Он помолчал. Девушка, слушавшая его с глубоким вниманием, встала и подошла к окну, припав головой к его раме. В выражении ее лица, в движениях, во всей ее симпатичной фигуре было что-то совсем детское, целомудренное, хотя полная развитость бюста и всего ее красивого, статного тела говорила о совершенной возмужалости.
— И таково-то сладостно и горько, матушка моя, это скитание по белу свету, — продолжал старик нараспев и несколько в нос. — И голоду-то, и холоду натерпишься, и в лесах, и в дебрях от рыку звериного страху наберешься, а все для Бога, ради костриги-то греховной, что всю душеньку мою исколола... А птички-то Божьи в лесах и дубравах, а цветочки в полях — крины сельные, а солнышко в небе, ручеечки эти самые хвалу Господу звенящи, а эта травушка весенняя, что рученьки свои чистые да головочки безвинные к небесам аки младенец воздевает, тянется эта травушка-муравушка из сырой земли ко Господу Творцу своему... И всякое-то дыхание, козявочка малая, мотыль крылатый, пчелушка, Божия работница, воскодарница, медоделица, — все-то весною красною Бога хвалит... Как сердцем-то да оком умным обоймешь все это, матушка-ластушка, так сердце твое грешное аки воск пред иконою растопится-разойдется, и весь бы, кажись, сам в слезах сладких вылился перед Господом, аки елей, аки миро благовонное...

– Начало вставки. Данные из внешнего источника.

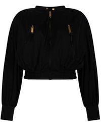 Go to Di SabatinoThe oversized nylon bomber jacket from Elisabetta Franchi makes a bold statement in contemporary fashion. It showcases a high fabric collar, voluminous sleeves, and a front zip closure. Striking gold-tone metal buttons and
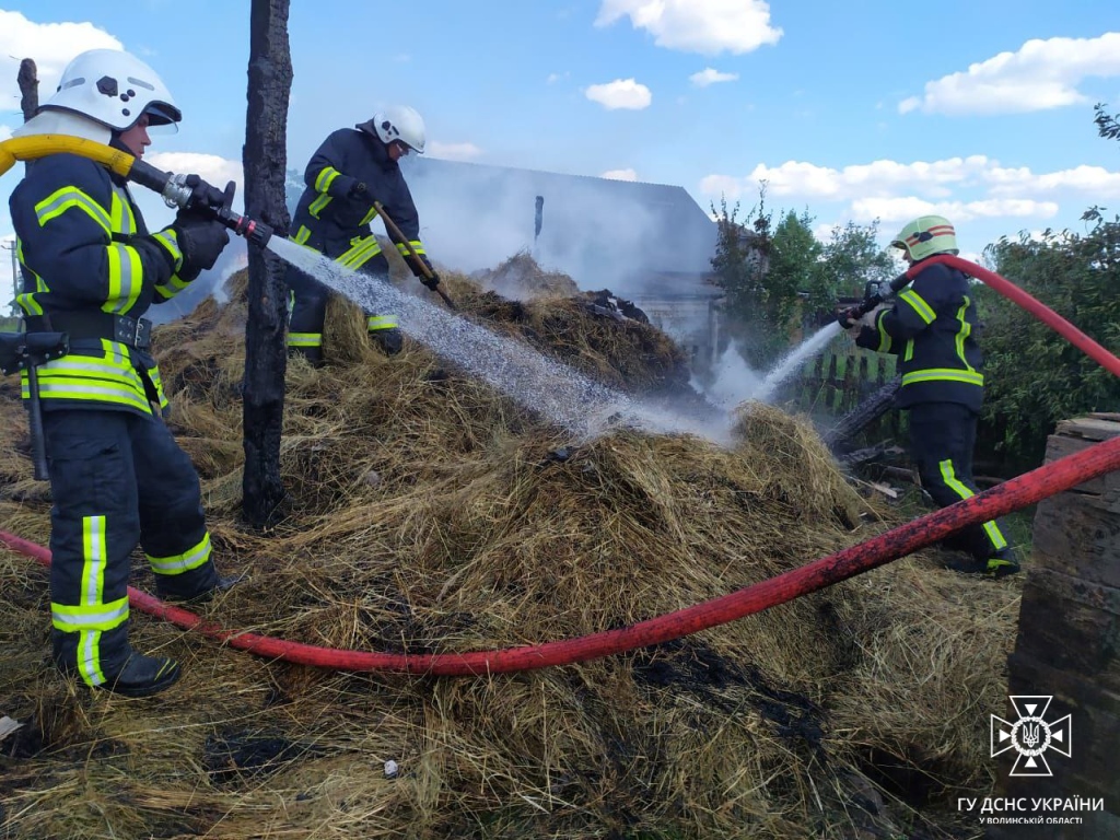 Увечері цього ж дня вогнеборці 11-ї ДПРЧ селища Шацьк спільно з працівниками МПО села Піща загасили пожежу оборогу із сіном в селі Пулемець Ковельського району, ймовірна причина загорання – дитячі пустощі з вогнем.
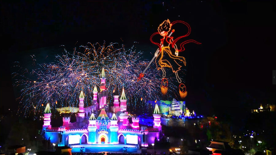假日期間,異彩紛呈的無人機煙花秀將在各地方特主題樂園持續上演。荊州方特“國風潮玩節”八大新品煙花絢麗首秀,定制主題煙花舞劇演繹《荊城焰慶》;嘉峪關方特“七彩祥云煙花秀”“星空光影秀”齊亮相,以科技和光影獻禮十周年。此外,飛天焰火秀、星河大賞、極光煙花秀等絕美演出,將在“五一”期間為游客帶來全新震撼體驗。
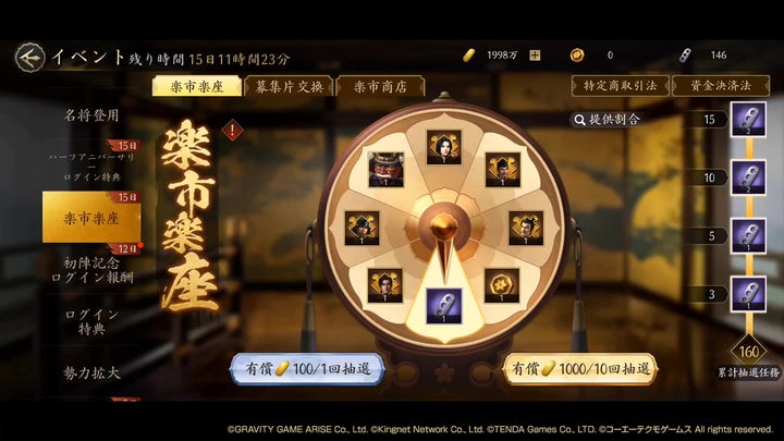 目玉は、SSR武将「上杉謙信・伝」が獲得できる期間限定イベント「楽市楽座」と、ログインボーナス、SNSキャンペーン。

При последнем монологе девушка повернулась к старику, вся напряженно слушая, затаив дыхание, а из широко раскрытых, изумленных глаз так, кажется, и брызнут горячие слезы.
— Дедушка!.. Голубчик!.. Где ж это?..
— Что, голубица моя чистая?
— Где это, что ты рассказываешь?
— В угодных местах, матушка, да в сердце нашем.
Девушка опять припала головой к окну, перекинув через плечо свою длинную косу и задумчиво перебирая ее тонкими пальцами.
— И вот так-то, дитятко милое, и треплюсь я по белу свету, пока тело мое старое, аки ризу ветхую, аки хоругвь воинскую, в боях со врагом Божием истрепленну, простреленну, издыравленну не донесу до темной могилы. Ветха уже риза моя животная, ветха моя срачица тленная, что некогда крепкою и чистою, паче снега убеленною, вышла из рук Божиих... А все брожу, угомону мне, старому, нет... Так вот и к ангелу твоему, к преподобной Евфросинии полоцкой, бродил ныне аз грешный грешными ногами... Думаю, помолюсь о тебе, матушка, о рабе Божией Евфросинии, да о царевиче нашем благоверном Алексее Петровиче, дабы Господь сердце его, царево, укрепил, разум его на все благое наставил... И вот принес вам с царевичем по хлебцу благословенному да по поясочку освященному от мощей преподобной Евфросинии.
При последних словах девушка подошла к столу, стоявшему под образами, и, перекрестившись, поцеловала лежавшую на нем просвирку.
— Спасибо тебе, дедушка, — сказала она.
Вдруг за окном на Фонтанке послышались голоса и плеск воды. Девушка встрепенулась и поспешила к окну, но плавно, не суетливо.
— Царевич, — сказала она и, отойдя от окна, снова села за пяльцы. Руки ее немного дрожали.
Старик встал со стула, на котором сидел, и отошел в сторону, ближе к дверям.
Скоро за дверями послышались голоса и шаги. Двери растворились, и вошел царевич.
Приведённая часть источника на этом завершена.